Я: «Автографы либо даю, либо продаю, а продаю 100 фр<анков> штука». Ответ: «Числа бедны, большинство сотрудников[657] работают бесплатно, не говоря уже о редакторах[658] — словом, давай даром.
Я: — На продажу не дарю, — впрочем — вот вам „Хвала богатым“ — хотите пять раз?!

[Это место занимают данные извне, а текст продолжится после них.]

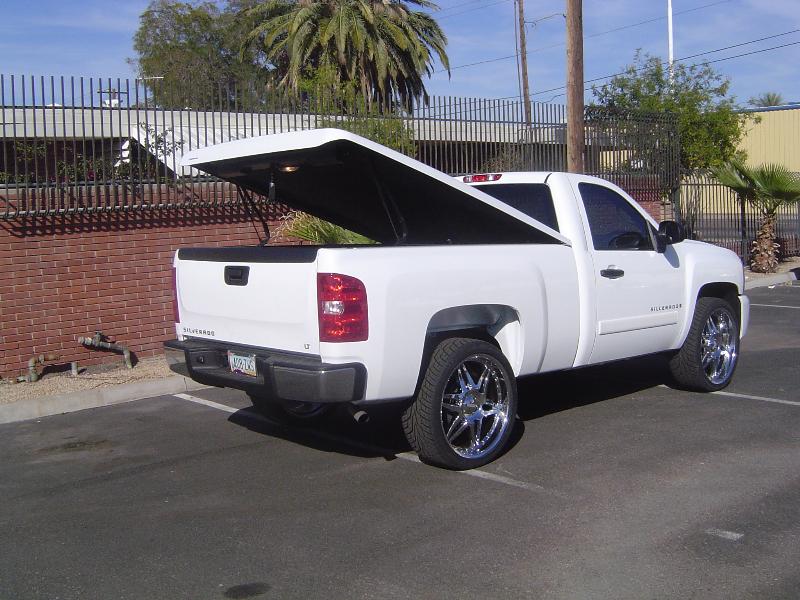 Stock White, With LEER 800 Series bed Cover with a Bed Rug, Webasto Power sliding sunroof, T-Rex Billet grills upper and lower, Streetscene roll pan, Painted to match door handles and lower front cover, Mirrors painted to match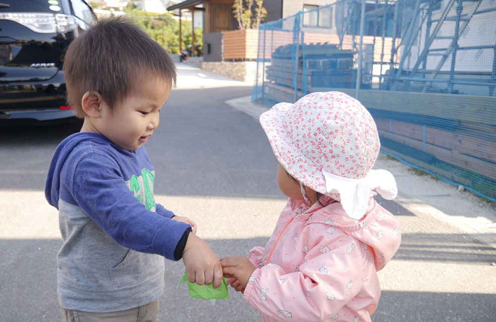 もらった折り紙に、Sちゃんもとってもうれしそう(*^_^*)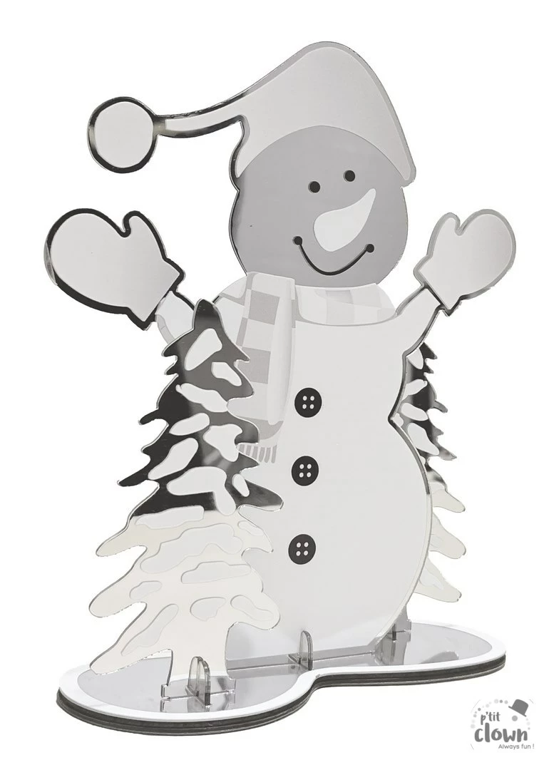 CENTRE DE TABLE DE NOEL (Bonhomme De Neige 20 Cm) Blanc Et Noir – Effet Miroir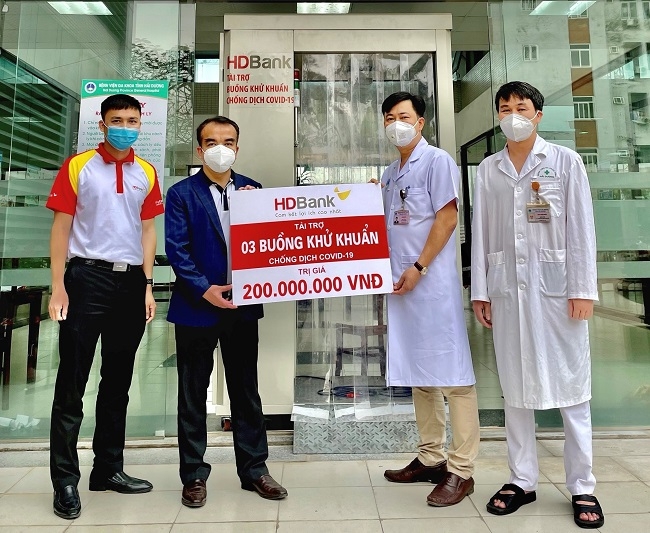 Hưởng ứng lời kêu gọi của Chính phủ, ngày 15/03/2021, HDBank tiếp tục cuộc hành trình hỗ trợ Hải Dương trong công tác phòng, chống dịch Covid-19 và tiếp sức người dân nơi tâm dịch. HDBank đã trao tặng 2 buồng khử khuẩn cho Bệnh viện đa khoa Hải Dương và 1 buồng khử khuẩn cho Bệnh viện dã chiến số 3 thành phố Chí Linh với tổng giá trị 200 triệu đồng.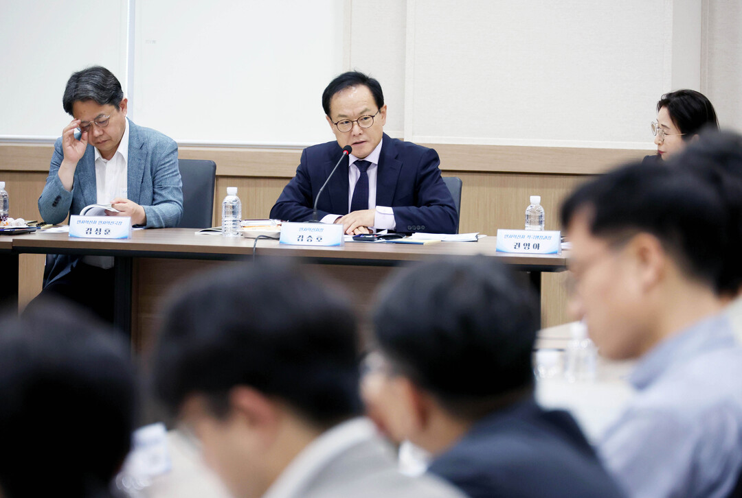 <김승호 인사혁신처장이 18일 대전 유성구 한국조폐공사에서 열린 '제19차 공공기관 인사혁신 협의체 회의'에서 참석자들과 공직문화 혁신 추진에 대한 의견을 나누고 있다.>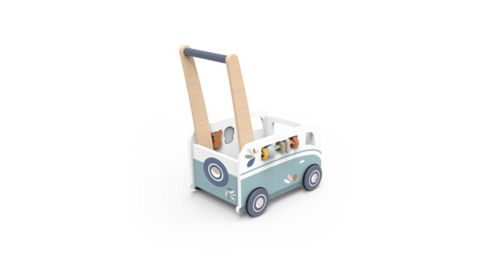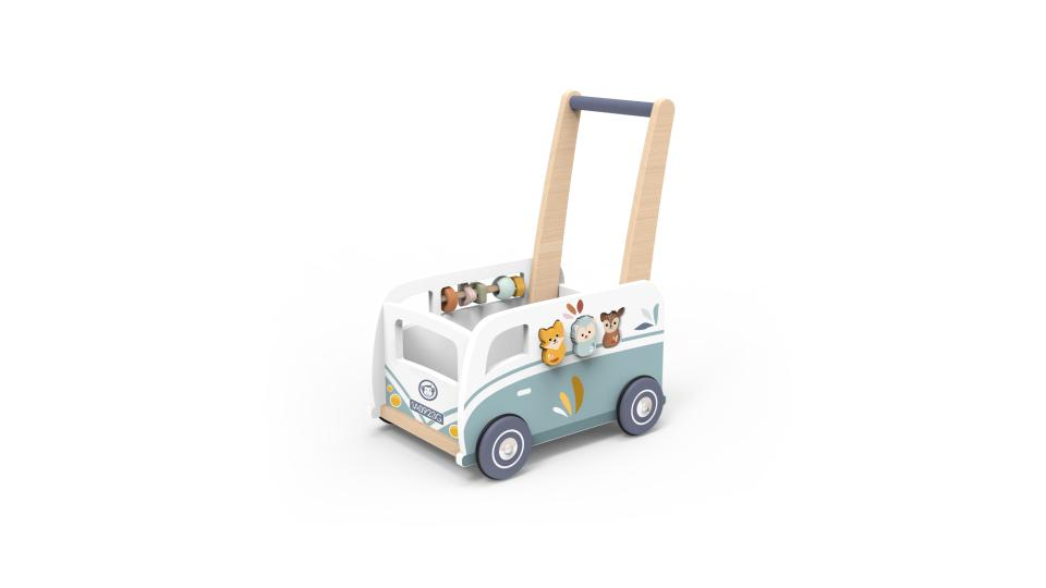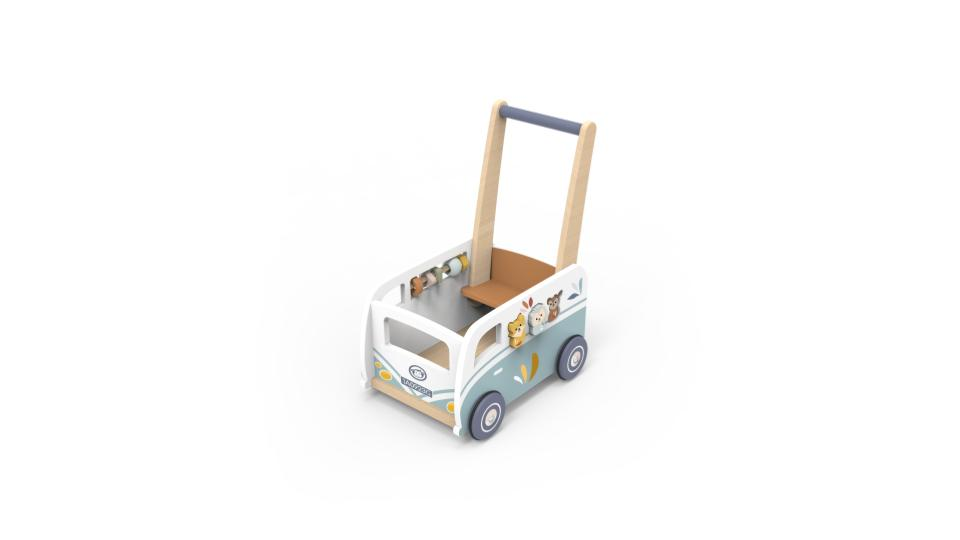הליכון מעץ צבעוני עם מגוון פעילויות בגב הרכב-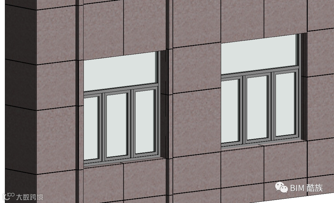 采用公制幕墙嵌板族样板文件创建的构件,可以自适应填充幕墙网格,形成幕墙。常规幕墙嵌板均为矩形平面嵌板。但实际工程中,设计师根据建筑外立面效果的需要,常设计出异形及不规则形状的嵌板。如本项目中所设计的窗套装饰线条。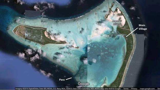 A first for us…we went to Anranuka and entered the lagoon without ANY prior cruiser intel… no tracks, no waypoints, no depth/current information… nothing. We didn’t even have nautical charts… the island of Aranuka, must not have been important during WWII because unlike Tarawa and Abemama it’s completely uncharted. All we had was a somewhat cloudy satellite image and the fact the someone once heard from someone in Majuro that you could get a boat in there. From the Soggy Paws Compendium about Aranuka: “We didn’t stop here, but I was told in Majuro that you could get inside the Arunka Lagoon. Google Earth seems to support this. If you try this, you’ll be a pioneer!”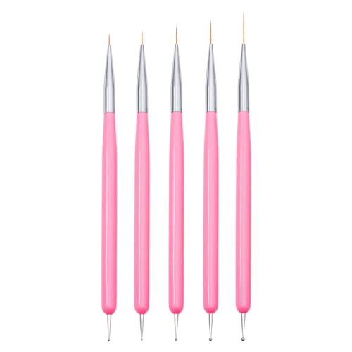 Nail Art Borstar, 5st Nail Art Liner Penslar, Dotting Pen Tools, Painting Art Design Brush Set för långa linjer, tunna detaljer, fina ritningsstorlekar 7/9/11/15/22mm, Rosa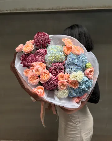 Композиция в кашпо "Charlotte" из роз, гортензий и хризантем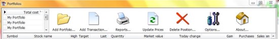 This will take you back to the main window of the program, where you will get a new transaction record added to your portfolio. Now you just need to press the “Update Prices” button to get your portfolio valuation done. Zoom Portfolio Manager will automatically fetch data (including current price, market value, etc. ) from Yahoo Finance and calculate values for capital gain, price-earning ratio, dividend yield, etc.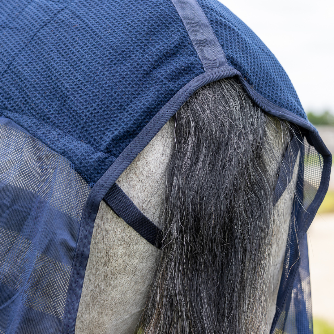 Honeycomb is een licht katoenen stof die perfect kan worden gebruikt om zweet in de zomer op te nemen. De honingraatcellen helpen lucht vast te houden, wat bijdraagt aan het reguleren van de lichaamstemperatuur en het warm houden zonder oververhitting. Bovendien draagt het honeycomb patroon bij aan de algehele zachtheid en duurzaamheid van de deken. In combinatie met een anti-vliegdeken beschermt dit je paard tegen insecten en de koelere zomerwinden.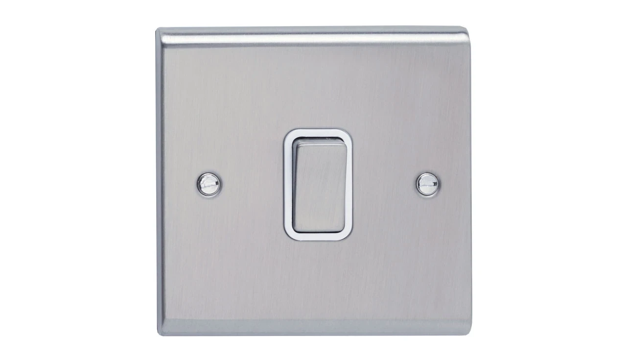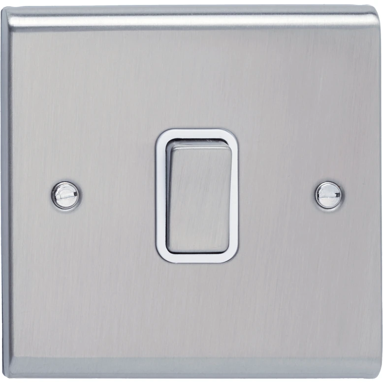 Plate Switch 1 Gang 2 Way White Insert 10A Stainless Steel

(…И за то, что их в рай не впустят,
И за то, что в глаза не смотрят…)
Убью на переписку целое утро (40 строк по пяти раз, — итого 200) — хоть бы по франку за строку дали!
Но и покушают же „богатые“ (Цейтлин, напр<имер>, Амари:[659] man de Marie: а Marie.[660] Пущу с собственноручной пометкой.
ХВАЛА БОГАТЫМ
(предоставленная автором для нумерованного экз<емпляра> Чисел — безвозмездно. Мне — нравится! Но м. б. — откажутся. Тогда пропали мои 200 строк и рабочее утро. Где наше ни пропадало! Лист будет вклейкой. Кому не понравится — пусть выдерет.
________
Стипендия С<ергея> Я<ковлевича> кончилась, хлопочем до 1-го ноября, но надежды мало. Говорила о нем с д<окто>ром „Pour le moment je le trouve mieux, mais l'avenir c'est toujours l’inconnu!“[661] — 3наю.
За все лето было три летних недели. Раз ездила в очаровательный Annecy,[662] здесь дешевое автокарное сообщение, но для меня это то же, что пароход в Англию. Был у нас Мирский — давно уже — два дня — дико-мрачен, и мычливей чем когда-либо.
О С<ув>чинских не знаю ничего.
Обнимаю Вас, пишите о себе и не вините меня в ремизовстве.
<Приписка на полях:>
О Хвале богатым пока молчите: сюрприз!
МЦ.
Chвteau d’ Arcine 27-го сент<ября> 1930 г.
St. Pierre-de-Rumilly (H<au>te Savoie)
Дорогая Саломея!
Огромное спасибо. Возопила к Вам по телеграфу из-за необходимости внезапного отъезда С<ергея> Я<ковлевича> — кр<асно->крестовая стипендия кончилась, а каждый лишний день — 45 фр<анков>.
Мы наверное тоже скоро вернемся — не позже 10-го, очень уж здесь холодно по ночам, утром и вечером (NB?! А когда — не).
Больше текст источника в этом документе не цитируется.